### ABOUT THIS TASK
Without the pictures, give every record again exactly.

### DATA EXTRACTS
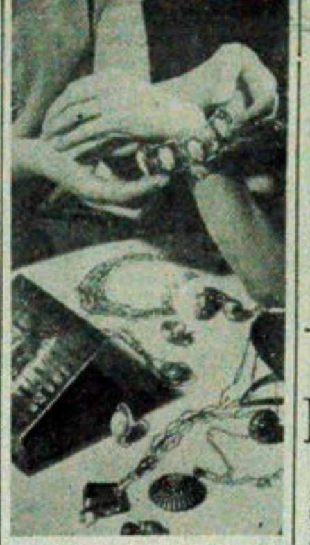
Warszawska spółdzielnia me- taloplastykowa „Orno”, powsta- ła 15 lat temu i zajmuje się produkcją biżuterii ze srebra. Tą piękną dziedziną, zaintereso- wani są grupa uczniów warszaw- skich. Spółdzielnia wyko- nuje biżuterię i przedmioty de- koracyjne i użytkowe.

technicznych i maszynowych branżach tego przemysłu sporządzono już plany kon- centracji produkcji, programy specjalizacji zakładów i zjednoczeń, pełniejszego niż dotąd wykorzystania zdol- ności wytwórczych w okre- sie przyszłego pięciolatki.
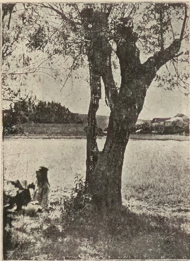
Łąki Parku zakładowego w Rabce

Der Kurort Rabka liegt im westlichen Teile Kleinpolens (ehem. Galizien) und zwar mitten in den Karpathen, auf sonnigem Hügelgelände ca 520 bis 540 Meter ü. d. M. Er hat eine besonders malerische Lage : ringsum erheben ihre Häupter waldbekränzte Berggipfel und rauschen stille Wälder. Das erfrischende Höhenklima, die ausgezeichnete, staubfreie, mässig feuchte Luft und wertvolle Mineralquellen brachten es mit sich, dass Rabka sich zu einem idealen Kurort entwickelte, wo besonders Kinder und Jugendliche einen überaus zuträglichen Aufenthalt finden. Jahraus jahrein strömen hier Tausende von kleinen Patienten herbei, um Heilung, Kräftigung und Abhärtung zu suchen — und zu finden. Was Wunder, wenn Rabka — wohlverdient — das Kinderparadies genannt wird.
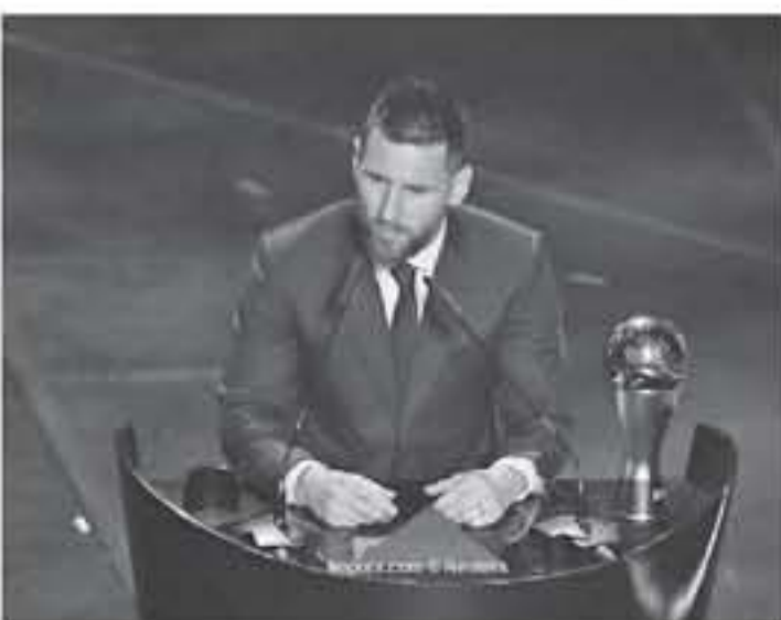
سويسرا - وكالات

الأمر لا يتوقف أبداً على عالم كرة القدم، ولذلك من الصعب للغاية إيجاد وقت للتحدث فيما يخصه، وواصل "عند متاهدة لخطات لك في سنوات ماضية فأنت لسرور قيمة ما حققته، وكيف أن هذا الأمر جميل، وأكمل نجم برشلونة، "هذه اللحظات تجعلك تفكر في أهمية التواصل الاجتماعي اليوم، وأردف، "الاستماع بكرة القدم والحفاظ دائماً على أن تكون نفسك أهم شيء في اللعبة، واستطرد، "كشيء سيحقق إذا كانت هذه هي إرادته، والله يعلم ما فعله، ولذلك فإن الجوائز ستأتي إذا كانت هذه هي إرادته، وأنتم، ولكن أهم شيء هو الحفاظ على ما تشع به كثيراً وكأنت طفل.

### RESULT OF THIS TASK
Warszawska spółdzielnia me- taloplastykowa „Orno”, powsta- ła 15 lat temu i zajmuje się produkcją biżuterii ze srebra. Tą piękną dziedziną, zaintereso- wani są grupa uczniów warszaw- skich. Spółdzielnia wyko- nuje biżuterię i przedmioty de- koracyjne i użytkowe.

technicznych i maszynowych branżach tego przemysłu sporządzono już plany kon- centracji produkcji, programy specjalizacji zakładów i zjednoczeń, pełniejszego niż dotąd wykorzystania zdol- ności wytwórczych w okre- sie przyszłego pięciolatki.
Łąki Parku zakładowego w Rabce

Der Kurort Rabka liegt im westlichen Teile Kleinpolens (ehem. Galizien) und zwar mitten in den Karpathen, auf sonnigem Hügelgelände ca 520 bis 540 Meter ü. d. M. Er hat eine besonders malerische Lage : ringsum erheben ihre Häupter waldbekränzte Berggipfel und rauschen stille Wälder. Das erfrischende Höhenklima, die ausgezeichnete, staubfreie, mässig feuchte Luft und wertvolle Mineralquellen brachten es mit sich, dass Rabka sich zu einem idealen Kurort entwickelte, wo besonders Kinder und Jugendliche einen überaus zuträglichen Aufenthalt finden. Jahraus jahrein strömen hier Tausende von kleinen Patienten herbei, um Heilung, Kräftigung und Abhärtung zu suchen — und zu finden. Was Wunder, wenn Rabka — wohlverdient — das Kinderparadies genannt wird.
سويسرا - وكالات

الأمر لا يتوقف أبداً على عالم كرة القدم، ولذلك من الصعب للغاية إيجاد وقت للتحدث فيما يخصه، وواصل "عند متاهدة لخطات لك في سنوات ماضية فأنت لسرور قيمة ما حققته، وكيف أن هذا الأمر جميل، وأكمل نجم برشلونة، "هذه اللحظات تجعلك تفكر في أهمية التواصل الاجتماعي اليوم، وأردف، "الاستماع بكرة القدم والحفاظ دائماً على أن تكون نفسك أهم شيء في اللعبة، واستطرد، "كشيء سيحقق إذا كانت هذه هي إرادته، والله يعلم ما فعله، ولذلك فإن الجوائز ستأتي إذا كانت هذه هي إرادته، وأنتم، ولكن أهم شيء هو الحفاظ على ما تشع به كثيراً وكأنت طفل.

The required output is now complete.